The Court ruled in a 5-4 decision that states could not impose a mandatory life without parole sentence on juveniles under the age of eighteen. Justice Kagan wrote for the majority and was joined by Justices Kennedy, Ginsburg, Breyer, and Sotomayor. Justice Breyer wrote a concurring opinion joined by Justice Sotomayor. Justice Roberts wrote a dissenting opinion that was joined by Justices Scalia, Thomas, and Alito. Justices Thomas and Alito also wrote dissenting opinions that were each joined by Justice Scalia.

Majority

The majority said that the precedents in Roper and Graham indicated that juveniles are different from adults and that the type of crime committed does not change this fundamental difference. According to studies relied on by the Court, children lack maturity, are more vulnerable to outside influences such as peer pressure, and are more likely to be capable of change. Since mandatory sentencing makes it impossible for a judge to take into account these differences between adults and children, the Court said, mandatory sentences of life without parole violate the Eighth Amendment. Life without parole sentences may still be imposed on juveniles, as long as they are sentenced individually and not under mandatory sentencing rules.

The state argued that there was a national consensus that mandatory life without parole for juveniles was not cruel and unusual because 26 states had the same mandatory sentencing laws in place. The Court disagreed, saying that the legislatures of those states certainly did not intend for 14-year-olds to be sentenced to life without parole. It is more likely, the Court says, that the legislatures did not think of this type of unintended consequence when they enacted two separate provisions: mandating life without parole sentences for certain offenses and allowing juveniles to be tried in adult court.
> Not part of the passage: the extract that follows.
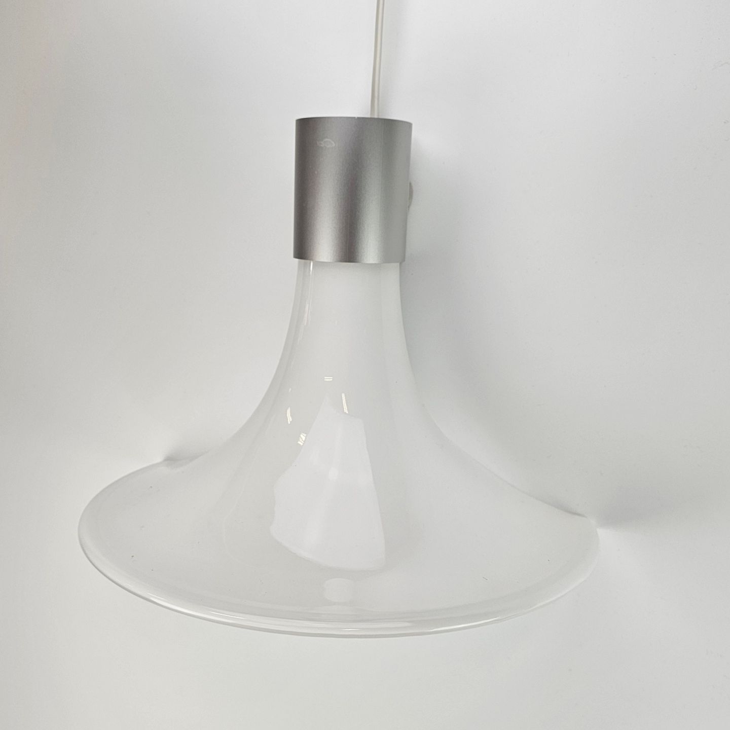 Mundblæst hvid glaslampe med stålhætte, til vægProducent Holmegaard/Royal Copenhagen

The Court said that a state legislature’s criminal laws don’t have to guarantee eventual freedom for juvenile homicide offenders, but that there must be some meaningful opportunity for release that the judge may offer at his or her discretion. This allows a judge the ability to better take into account the many complex factors associated with juveniles.

Dissent

The dissents said that the precedent in Harmelin v. Michigan should have applied to this case. Mandatory sentences, they reasoned, are not cruel and unusual simply because they are mandatory. It may be that juveniles are different from adults. This should not, in the dissenters’ view, take away the ability of democratically elected legislatures to require life without parole for juveniles who commit the worst type of murder. The logic in Graham is not binding in this case, they said, because the opinion in Graham said clearly that murder was substantially different from non-homicide offenses and could be given greater punishments. The dissent concludes that, even if members of the Court may disagree with the acts of a legislature, it is not the Court’s place to make what are essentially legislative decisions.